Quelles sont tes premières réactions après parution de ton livre ?

Je vais dire quelque chose qui est particulier en tant qu’auteur : jusque-là, quand je voyais mes livres exposés dans une librairie, j’avais l’impression qu’il ne s’agissait pas de moi  donc cela ne me faisait ni chaud ni froid. Mais, avec ce livre-là, c’est différent. D’abord parce que sa couverture nous réunit tous les deux, mon père et moi, et que, d’une certaine façon, c’est un peu comme si mon père restaurait ma propre légitimité d’écrivain. Puis, bien sûr, il y a une charge affective, puisqu’il s’agit avant tout d’un hommage à mon père  alors, lorsque je vois ce livre en librairie,  j’ai évidemment le regret qu’il ne soit plus là. C’est le plus beau cadeau que je pouvais lui faire, et il ne le saura jamais.

Mission accomplie ?

Oui, mission accomplie, parce que ce livre correspond tout à fait à mes intentions de départ. D’ailleurs, du vivant de mon père, il  me trottait déjà dans la tête l’idée de faire une analyse littéraire de ses plus beaux romans. Peu de temps après sa mort,  j’ai commencé par un blog qui lui était consacré. Au bout d’un certain temps, j’en ai vu les limites, en même temps que je me suis senti « mûr » pour écrire cet essai littéraire, assez ambitieux, puisqu’il retrace tout l’itinéraire intellectuel de mon père, livre par livre, du début jusqu’à la fin. Par ailleurs c’est une bonne chose que j’aie retrouvé quelques manuscrits des années 1940 et 1950, qui ont été refusés par les éditeurs. Cela m’a donné une vision plus exhaustive de la continuité de son œuvre, qui me faisait défaut jusque-là. Et, les premiers pas de mon père sont totalement éclairants, parce que, dans ses manuscrits, qui sont torrentiels, comme il les qualifiait, et de plus en plus « délirants » au fil des années, on y décèle la préfiguration de ses livres, tels L’Employé et Un jour ouvrable. Tout y était déjà, au début des années cinquante, même avant.
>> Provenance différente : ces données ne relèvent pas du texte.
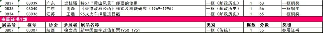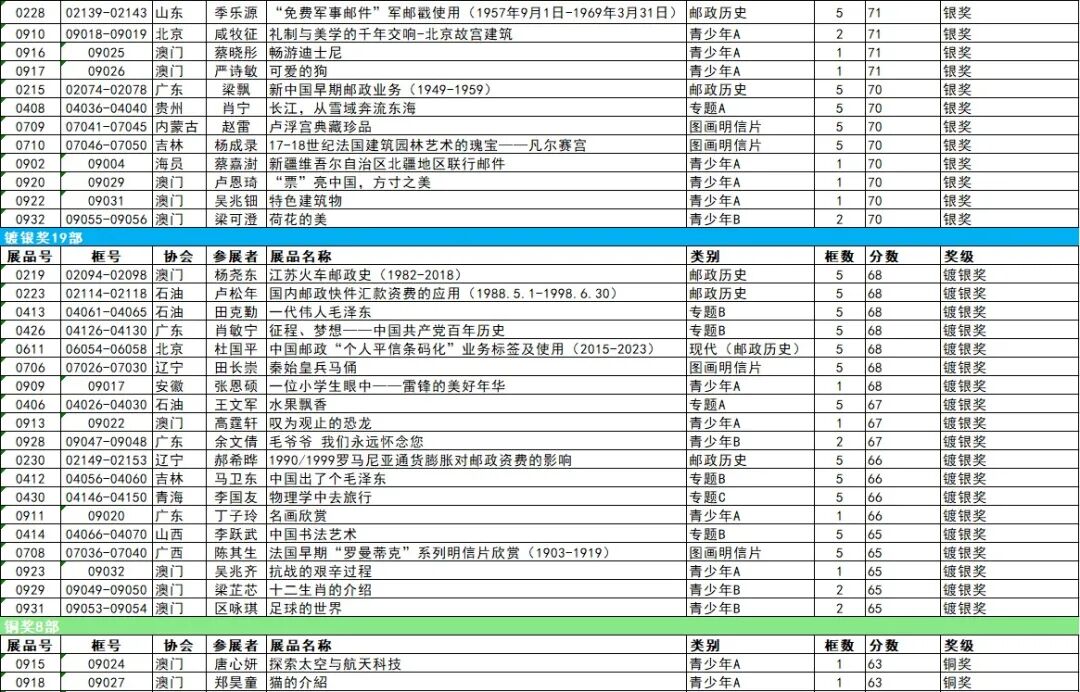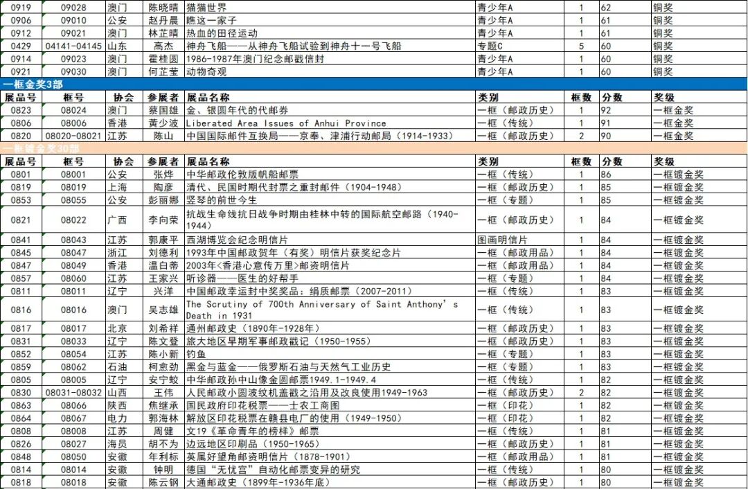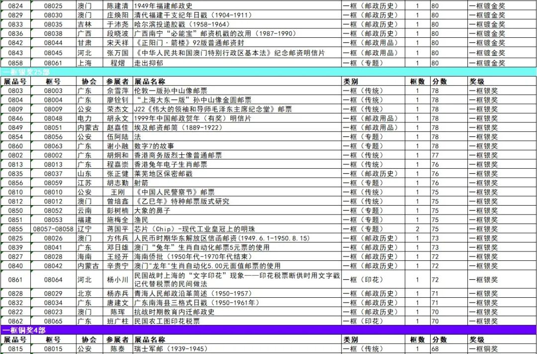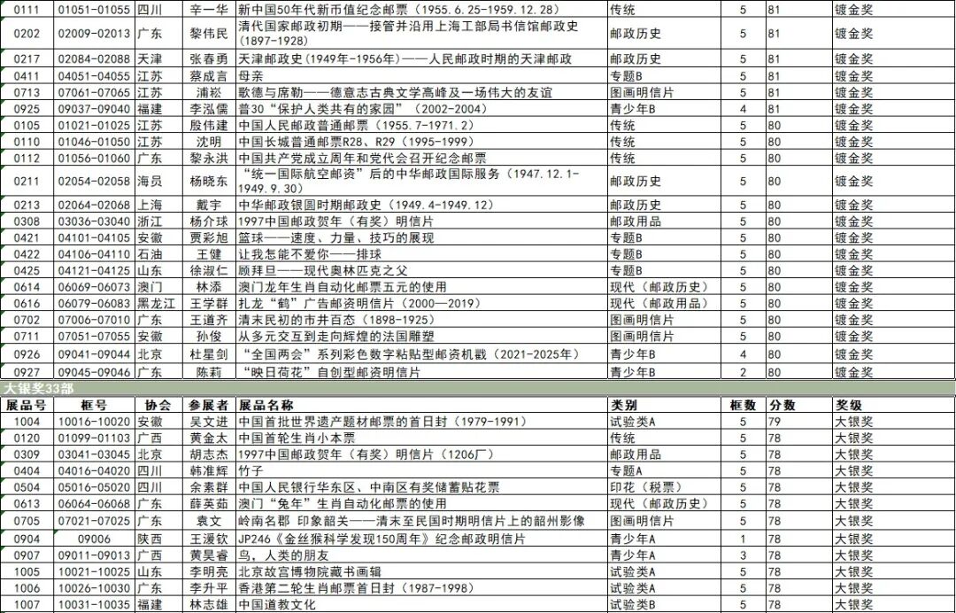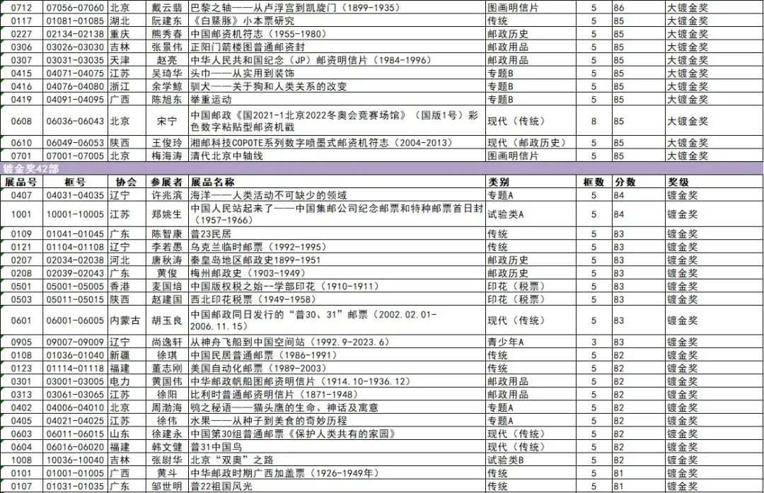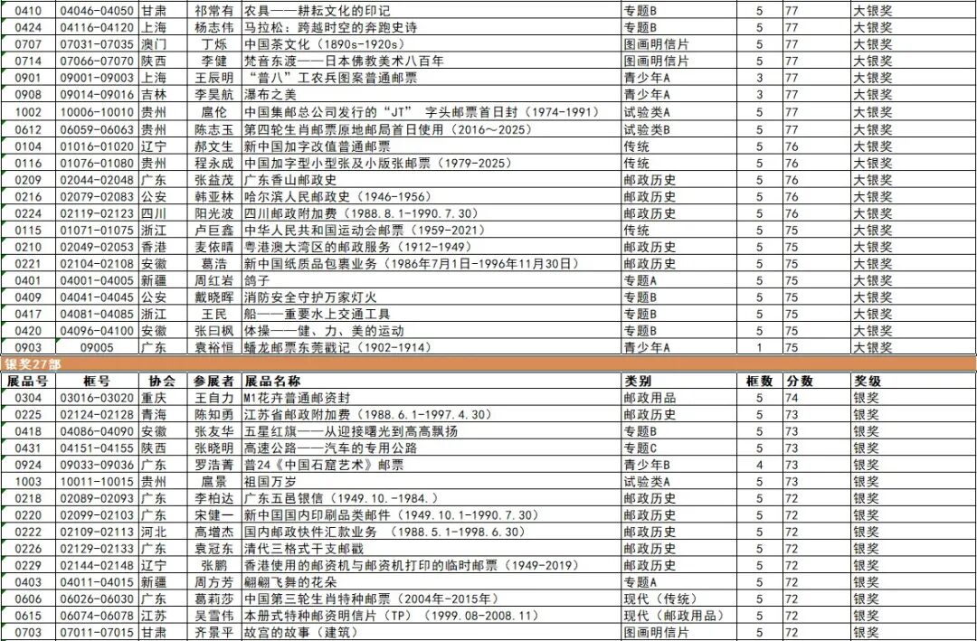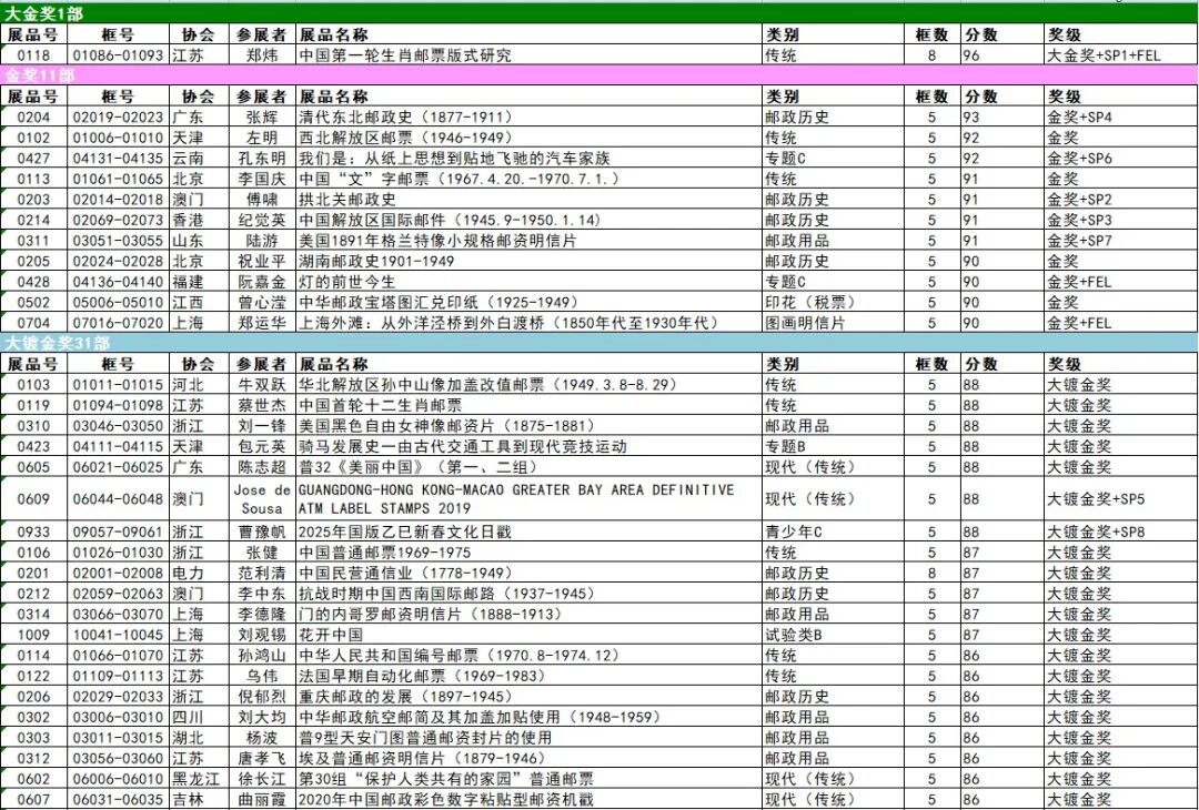 12月21日,经过严格评审,本届邮展评审委员会按照中华全国集邮联合会集邮展览评审规则,参照国际集邮联合会(FIP)集邮展览评审总规则及各类别评审专用规则和指导要点的评分标准,根据本次邮展评审的特别规则,经过多轮评审,最终确定获奖名单。本届邮展共评出大金奖1部、金奖11部、大镀金奖31部、镀金奖42部、大银奖33部、银奖27部、镀银奖19部、铜奖8部;评出一框金奖3部、一框镀金奖30部、一框银奖25部、一框铜奖4部。(来源: 中华全国集邮联合会)
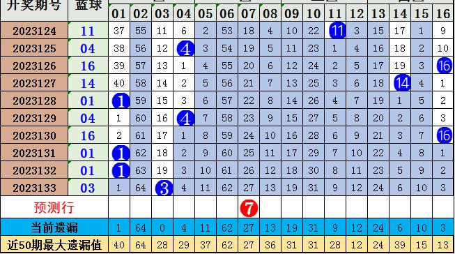 最近10期开出0路奖号1个,1路奖号8个,2路奖号1个,综合看1路走势较热。蓝球重点关注:0304071416,本期推荐:07.
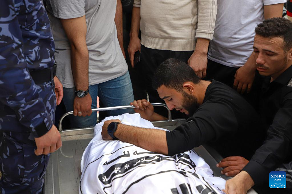 A man mourns over the body of a Palestinian who was killed in an Israeli airstrike at a hospital in Gaza City, on May 11, 2023. Israeli fighter jets Thursday continued intensive airstrikes on the Gaza Strip for a third day in a row in response to rockets fired towards Israel, leaving 28 Palestinians killed and 93 injured. (Photo by Rizek Abdeljawad/Xinhua)
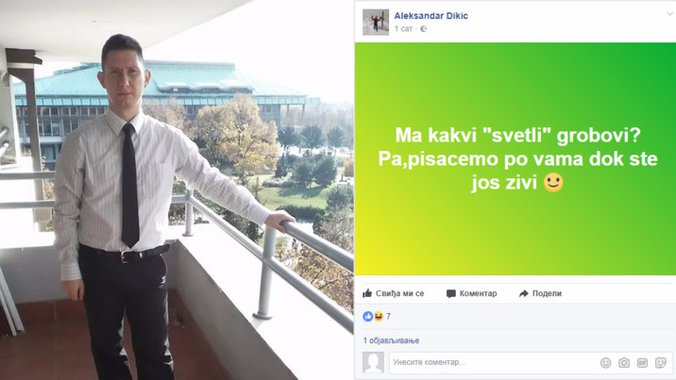 - Ma kakvi "svetli" grobovi. Pa pišaćemo po vama dok ste još živi - napisao je Dikić i dodao smajlija?!
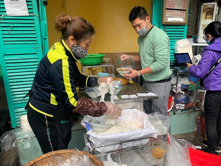 Đến quán này bất kỳ thời gian nào, từ sáng, trưa hay tối đều có thể thấy hàng trăm người với những bát bún nóng hổi, thơm phức trước mặt, chưa kể hàng dài shipper đứng chờ mua mang đi phục vụ khách online.
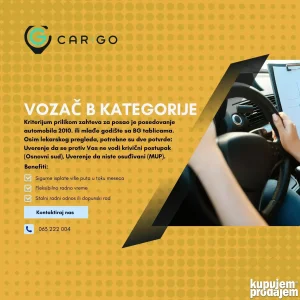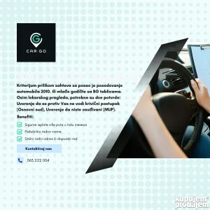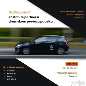 Kriterijum prilikom zahteva za posao je automobil 2010. ili mlađe godište sa BG tablicama.

Tu n’as pas fait une biographie « objective », tu as manifesté des préférences, fait des choix.

Oui, je ne me voyais pas, au nom de l’amour filial, dresser un autel à mon père, ce qui aurait été ridicule et en quelque sorte me castrer, d’autant que sur un parcours d’une cinquantaine d’ouvrages, tout ne peut pas être sublime. Je me suis positionné à la fois comme son fils, souvent tendre entre les lignes, mais également comme un lecteur très exigeant puisque, quand un de ses livres ne me plait pas, je ne le cache pas. Il en est que je descends plutôt férocement, surtout ses romans sentimentaux, mon opinion étant qu’il aurait dû quitter le genre dès Glaise en 1960, un beau roman d’amour d’ailleurs, car après, cela a tourné au rabâchage d’éternelles passions inassouvies. Mais, à mes yeux, son plus beau texte d’amour, c’est, de loin, la nouvelle Marée basse. Un livre que j’ai particulièrement détesté, c’est le roman Mai 1986, qui figure un couple furieusement écolo dogmatique, deux têtes à claques, vraiment… Quant à mes préférences, elles vont à tous ses grands romans absurdes, une révolution littéraire à mon sens, qui, malheureusement, n’a pas été vraiment reconnue par la critique littéraire.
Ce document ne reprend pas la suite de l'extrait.